Dataset records
━━━━━━━━━━━━━━━━

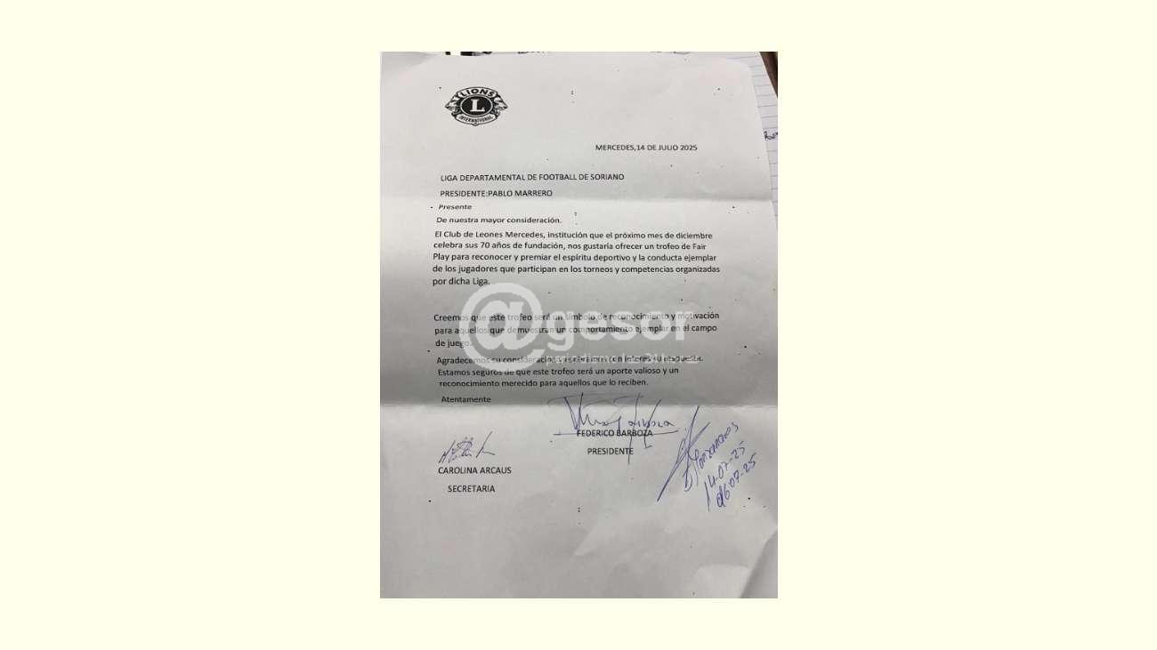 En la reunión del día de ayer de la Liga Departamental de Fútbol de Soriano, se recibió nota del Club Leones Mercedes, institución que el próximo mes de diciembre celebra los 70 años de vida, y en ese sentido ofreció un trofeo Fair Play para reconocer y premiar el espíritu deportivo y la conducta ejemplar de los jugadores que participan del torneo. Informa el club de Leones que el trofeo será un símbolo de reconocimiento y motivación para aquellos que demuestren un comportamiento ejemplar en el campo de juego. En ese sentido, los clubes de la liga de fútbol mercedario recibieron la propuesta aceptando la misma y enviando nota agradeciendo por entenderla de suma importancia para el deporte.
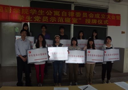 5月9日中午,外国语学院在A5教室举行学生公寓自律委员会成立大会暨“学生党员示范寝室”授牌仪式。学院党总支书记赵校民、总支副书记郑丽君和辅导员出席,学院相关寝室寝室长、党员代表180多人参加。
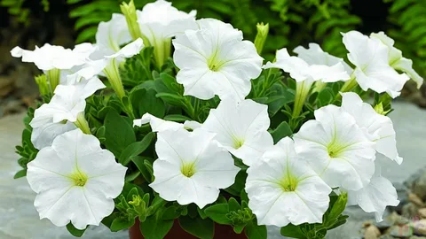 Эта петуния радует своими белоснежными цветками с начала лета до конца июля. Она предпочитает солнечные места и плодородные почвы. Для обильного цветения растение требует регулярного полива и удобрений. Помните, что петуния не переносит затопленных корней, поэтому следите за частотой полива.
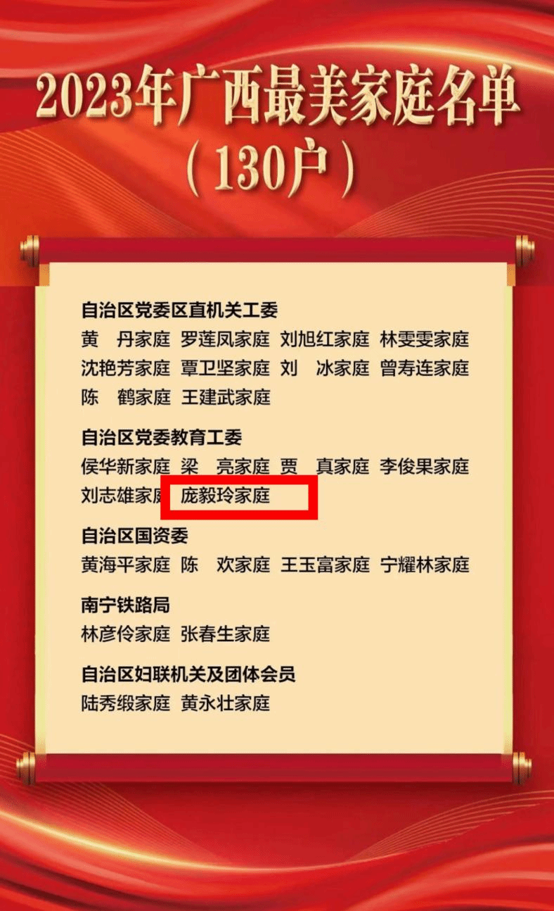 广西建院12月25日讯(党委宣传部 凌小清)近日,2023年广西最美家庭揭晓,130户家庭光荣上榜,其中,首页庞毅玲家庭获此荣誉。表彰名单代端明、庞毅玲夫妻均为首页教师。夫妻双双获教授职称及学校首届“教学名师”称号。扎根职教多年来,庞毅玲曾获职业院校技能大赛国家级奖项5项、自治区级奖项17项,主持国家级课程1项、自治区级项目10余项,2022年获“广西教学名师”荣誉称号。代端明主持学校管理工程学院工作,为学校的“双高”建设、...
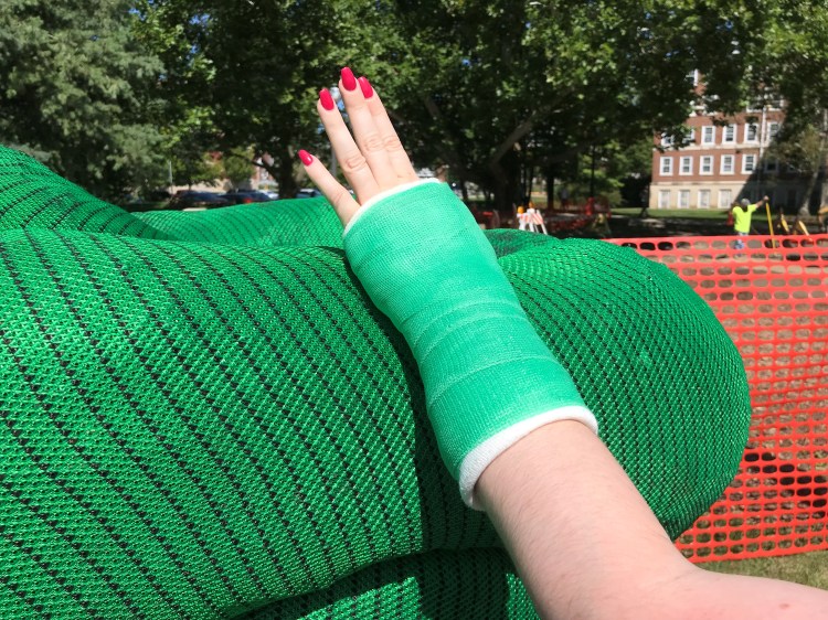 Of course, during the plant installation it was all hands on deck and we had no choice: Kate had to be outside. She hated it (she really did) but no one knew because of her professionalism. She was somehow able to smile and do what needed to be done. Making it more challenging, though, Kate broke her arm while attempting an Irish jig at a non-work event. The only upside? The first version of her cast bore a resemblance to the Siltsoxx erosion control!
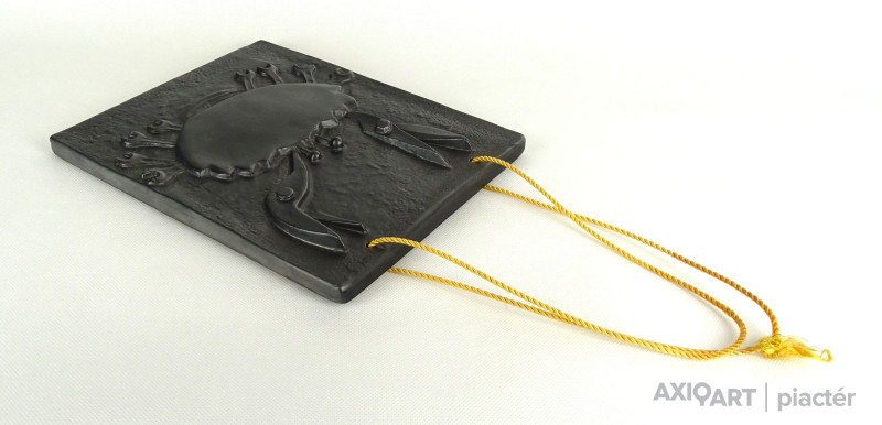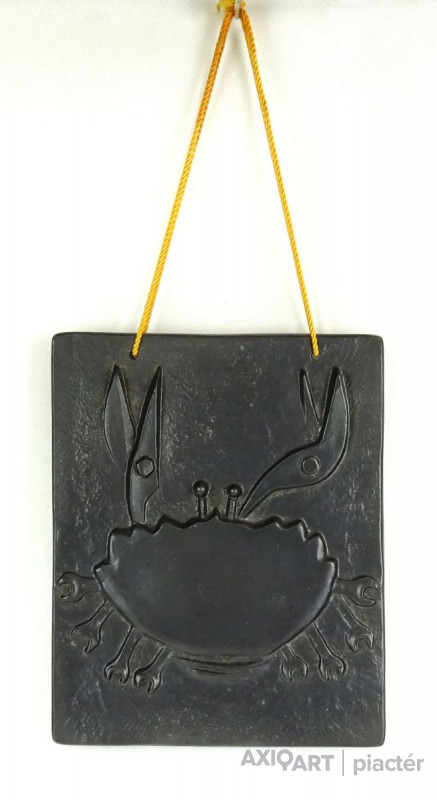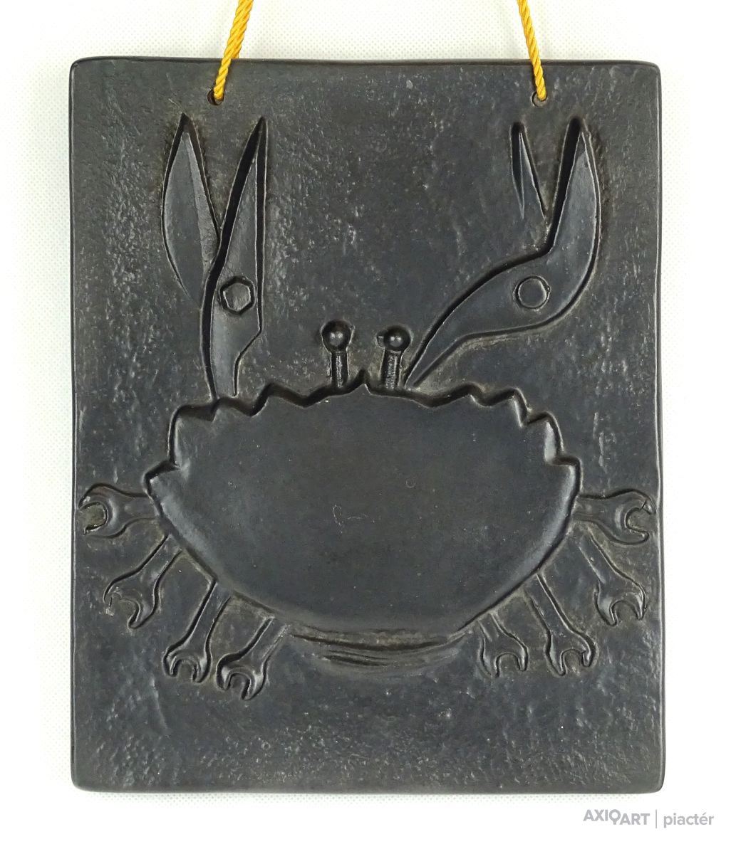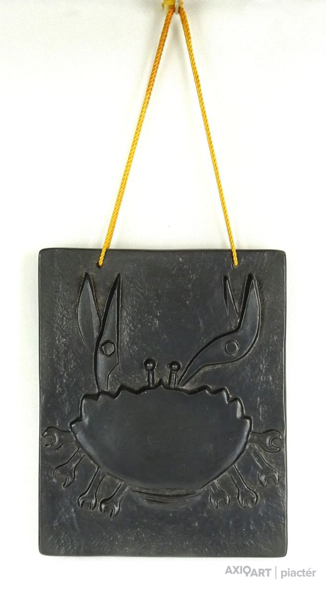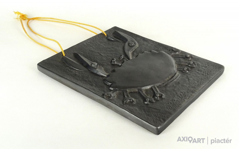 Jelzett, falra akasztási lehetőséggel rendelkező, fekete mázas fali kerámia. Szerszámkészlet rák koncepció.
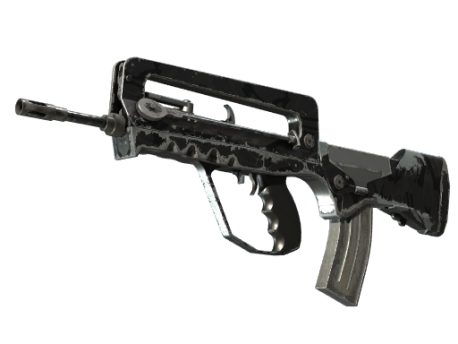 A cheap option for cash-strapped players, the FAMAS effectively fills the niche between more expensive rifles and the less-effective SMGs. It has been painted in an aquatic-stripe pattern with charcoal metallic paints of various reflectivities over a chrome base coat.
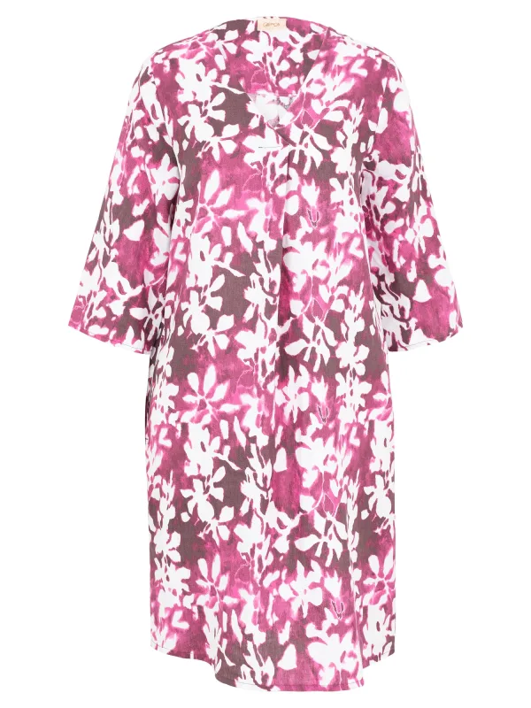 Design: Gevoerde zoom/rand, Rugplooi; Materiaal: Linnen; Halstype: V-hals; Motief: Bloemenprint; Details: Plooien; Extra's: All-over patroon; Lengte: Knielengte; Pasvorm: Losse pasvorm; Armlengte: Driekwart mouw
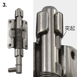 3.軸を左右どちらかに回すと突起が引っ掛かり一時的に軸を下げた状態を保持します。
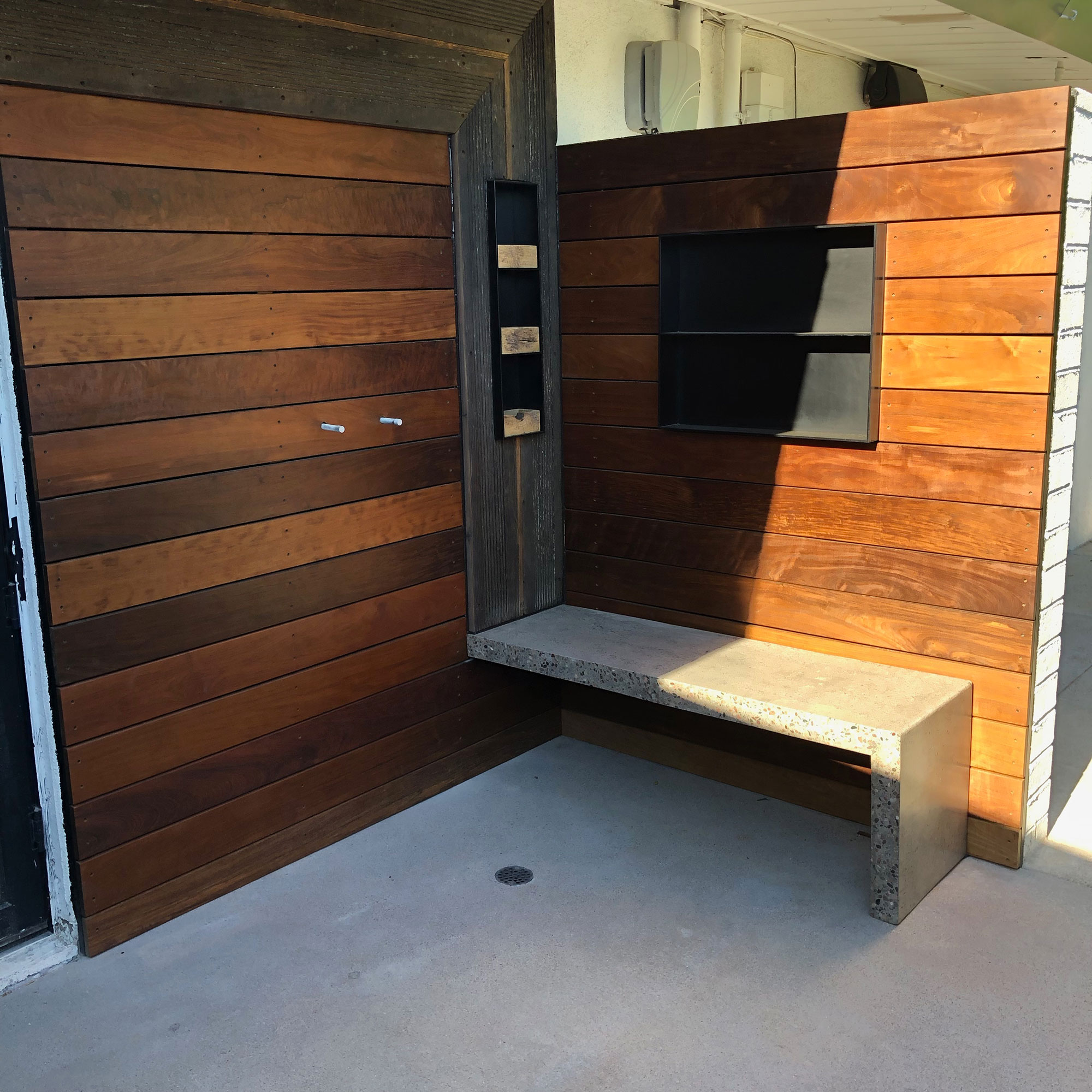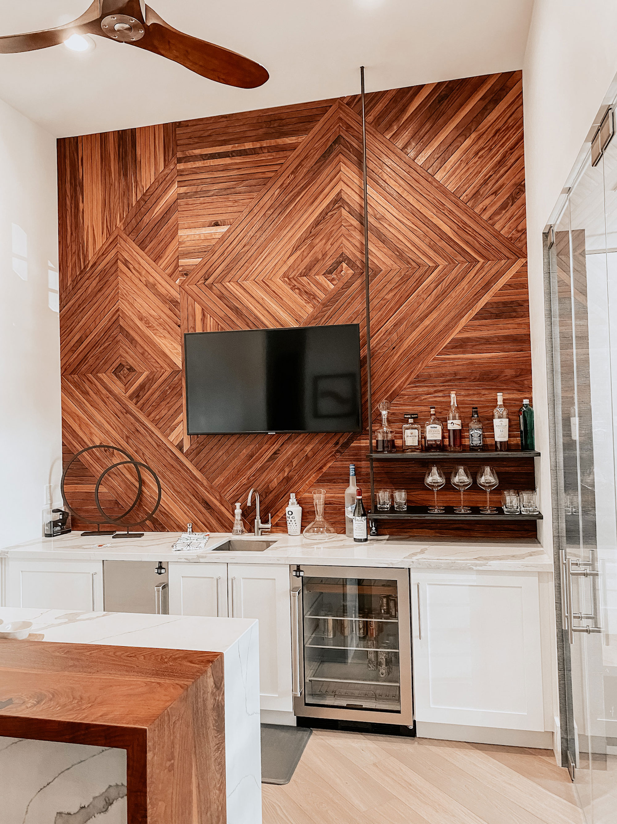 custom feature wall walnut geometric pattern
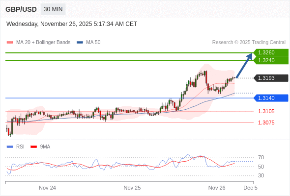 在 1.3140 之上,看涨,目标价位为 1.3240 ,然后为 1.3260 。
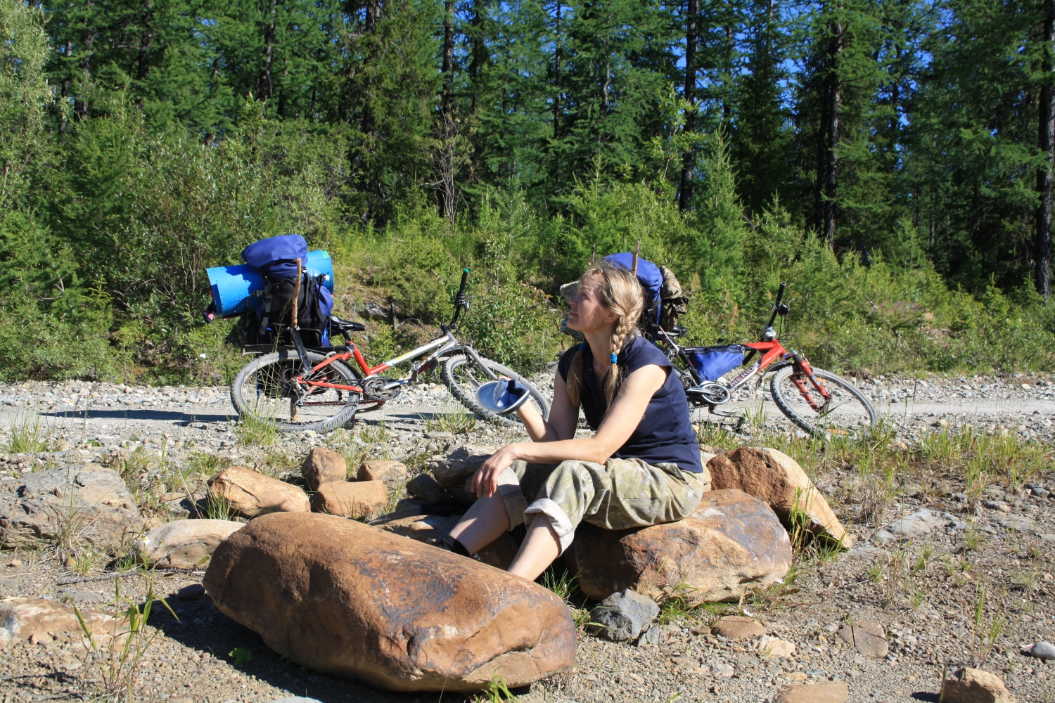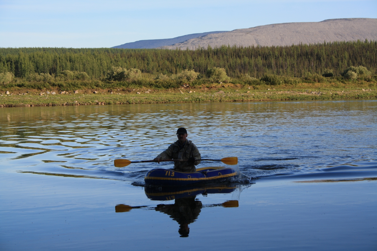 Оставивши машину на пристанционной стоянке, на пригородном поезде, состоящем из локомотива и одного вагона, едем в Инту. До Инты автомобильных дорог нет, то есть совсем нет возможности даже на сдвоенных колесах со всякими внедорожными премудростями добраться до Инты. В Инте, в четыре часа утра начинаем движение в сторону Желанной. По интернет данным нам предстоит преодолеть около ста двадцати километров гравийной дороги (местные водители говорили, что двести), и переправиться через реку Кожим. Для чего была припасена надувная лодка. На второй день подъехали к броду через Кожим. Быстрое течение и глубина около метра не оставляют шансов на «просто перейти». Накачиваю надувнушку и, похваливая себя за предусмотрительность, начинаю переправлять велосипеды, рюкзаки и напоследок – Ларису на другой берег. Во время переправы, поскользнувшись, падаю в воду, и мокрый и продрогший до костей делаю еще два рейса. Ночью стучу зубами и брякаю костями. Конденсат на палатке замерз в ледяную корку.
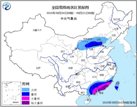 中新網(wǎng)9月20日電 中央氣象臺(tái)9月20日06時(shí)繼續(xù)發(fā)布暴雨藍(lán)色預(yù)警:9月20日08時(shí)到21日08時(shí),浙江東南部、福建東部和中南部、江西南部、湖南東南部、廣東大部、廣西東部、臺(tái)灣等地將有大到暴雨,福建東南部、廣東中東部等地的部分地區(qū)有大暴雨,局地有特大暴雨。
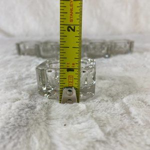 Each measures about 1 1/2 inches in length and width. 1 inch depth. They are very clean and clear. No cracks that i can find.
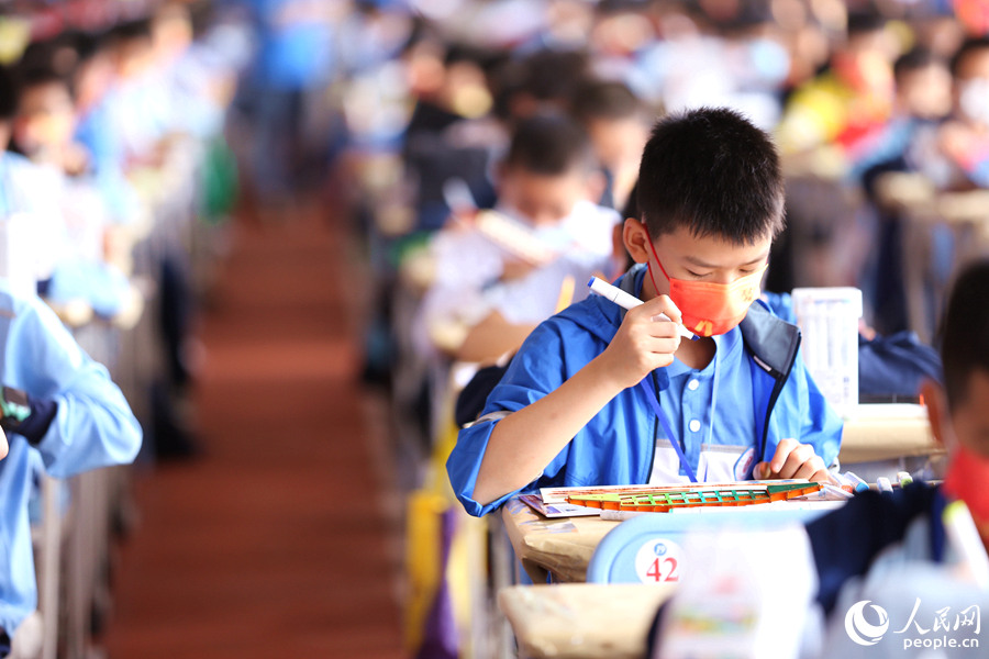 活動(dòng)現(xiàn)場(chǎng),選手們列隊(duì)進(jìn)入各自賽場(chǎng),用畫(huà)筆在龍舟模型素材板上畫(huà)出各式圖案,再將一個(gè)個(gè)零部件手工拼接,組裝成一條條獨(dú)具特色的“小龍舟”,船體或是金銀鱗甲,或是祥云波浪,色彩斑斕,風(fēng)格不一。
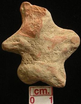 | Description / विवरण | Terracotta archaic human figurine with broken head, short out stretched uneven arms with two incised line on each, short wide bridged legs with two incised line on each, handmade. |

━━━━━━━━━━━━━━━━

* **Work task**
Take the line containing "活動(dòng)現(xiàn" as the first and the last line of the records as the end. Print every line in that span exactly, leaving out pictures.

* **Answer section**
 活動(dòng)現(xiàn)場(chǎng),選手們列隊(duì)進(jìn)入各自賽場(chǎng),用畫(huà)筆在龍舟模型素材板上畫(huà)出各式圖案,再將一個(gè)個(gè)零部件手工拼接,組裝成一條條獨(dú)具特色的“小龍舟”,船體或是金銀鱗甲,或是祥云波浪,色彩斑斕,風(fēng)格不一。
 | Description / विवरण | Terracotta archaic human figurine with broken head, short out stretched uneven arms with two incised line on each, short wide bridged legs with two incised line on each, handmade. |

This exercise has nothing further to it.